The new Initial Industry Plan (IIP) suggest that £1.3bn can be saved each year on the railway through greater efficiency and collaboration across the industry. It also promises a reduction of taxpayer contributions to rail.
Obviously, they had to say that – the public spending context, and the McNulty report, were always going to set the tone for this document.
Also unsurprising is the positive tone: and this is not a criticism, there is plenty to be positive about. Indeed, critics of all sorts of aspects of railway operations at the moment are often silenced at the simple fact that passenger numbers and revenue keep shooting up.

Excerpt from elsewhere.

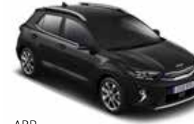
ABP (Aurora Black Pearl)

We have to wait to see how the Department for Transport treats the IIP. Hammond came into office as a deficit hawk, having originally been intended to be the Treasury ‘axe man’ as chief secretary, before the Coalition negotiations meant that role had to go to a Lib Dem. But since he came in, despite his reputation as a friend more of the motor industry than the rail – reinforced by his move this week to up the motorway speed limit to 80mph – he has not gone on a cutting frenzy. There will be retrenchment, but nothing like what some feared, and clearly this message that investment is still allowed has made it through to the industry. The IIP still contains dramatic, big-ticket items and suggests an industry confident in itself and where it is going, despite the pressures to cut unit costs, delay-per-incident, and all the rest.
The changes in the railway network over the coming decades will be something to behold.